The day passed and I took the underground and the overground home, all the time limping and moving awkwardly through the crowds of commuters and travellers, I didn’t pick up a free copy of the Evening Standard: the news was shit, bad news, fake news, fake bad news, bad real news, same old shit, same old story, I didn’t need a freebie to prove it.
But none of that bullshit was the worst of it, they were all symptoms of the underlying cause of my bad mood. The cause was a five week month, don’t you know it. It was only week three and I was broke. By week two I was stung by a quarterly from Thames Water, and the telephone and internet with BT, council tax had gone up, the markets were doing all sorts of crazy shit and my interest rates were through the roof. I was late answering a questions from HMRC, and my child rebate was cut, I had to write a letter to Glasgow explaining myself, and provide documents from my daughter’s doctor, proving that she was alive, and I had to pay 10 quid for that too. It really was a farce, I wonder why, why the fuck isn’t anyone talking about a revolution, no everyone was busy trying to poke a finger in the collective eye of Europe, glaring at Poles on the tube, muttering at blacks and Asians in the underground, the situation was dire.
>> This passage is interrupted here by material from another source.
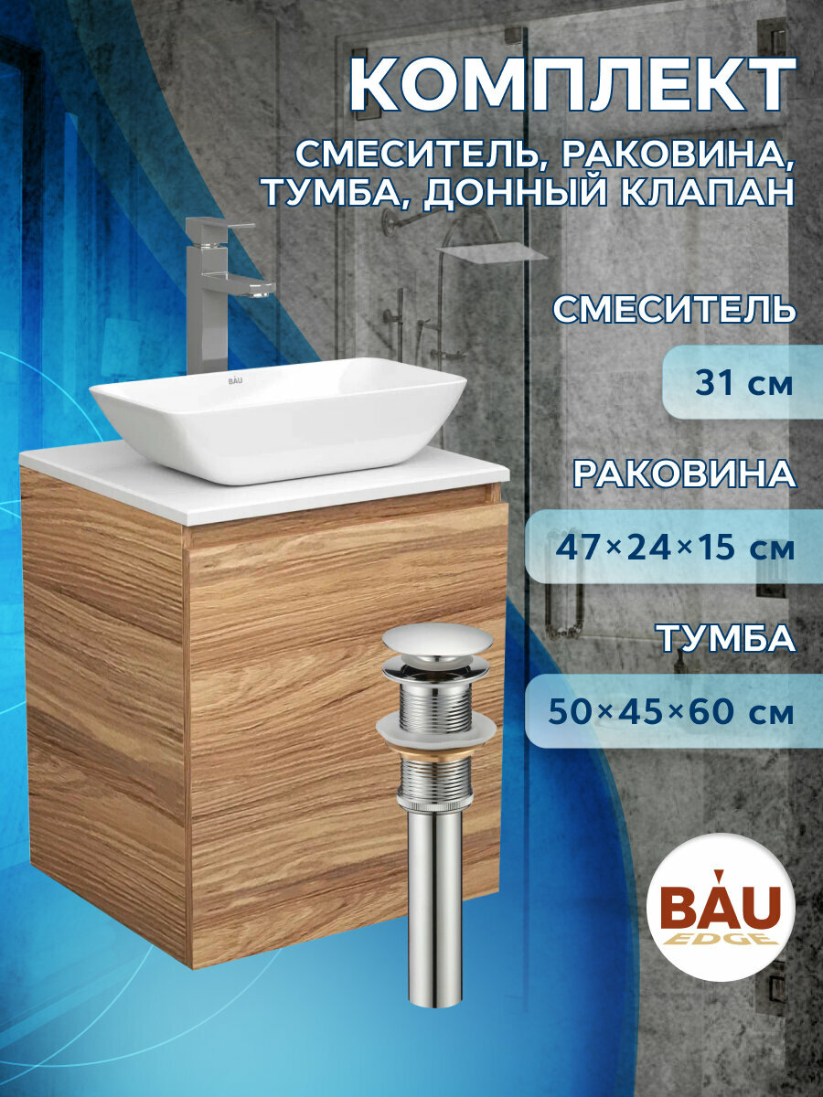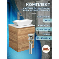Тумба Bau Dream Blackwood 50 с дверцей, раковина BAU Spectrum mini 47х24 смеситель для раковины высокий Hotel Still, нержавеющая сталь, выпуск клик клак, хром

And that lady was saying how she’d show everyone how she was a difficult women, as if that was what the world needed, as if anyone really gave a shit, or actually knew what the government were really doing, and what all these fucking changes really meant.
I got home. And that was a relief.
That previous Sunday night we’d had a chicken for dinner. A real treat. Roasted with spuds, and some flat bread I made while drinking BB9 which may I add is just about the best beer in world. That evening I boiled the white bones of the chicken, with just a sprig of thyme, an onion, and two cloves of crushed garlic. I could imagine the chook, the carcass was so thin, and spindly, it’s bones were more like those of a reasonably large weird fish…it must have been a bird beyond a battery hen, a kind of high-rise roosting matchbox hens squeezed in with countless other hens, I guess featherless, tortured, bored out of their brains, staring out between thin wire bars, staring out at a thousand other chickens in the same predicaments, the ruckus of all those birds clucking at once. Imagine. We were at least showing the bird some respect, boiling the spindly bones down to nothing, and making the most of it, chucking the grey remains to the dog. I had read some diatribe in a trade magazine that bone broths, and marrow, were all the rage. The very rich will go to no end to replicate the dietary condition of poor. How’s that.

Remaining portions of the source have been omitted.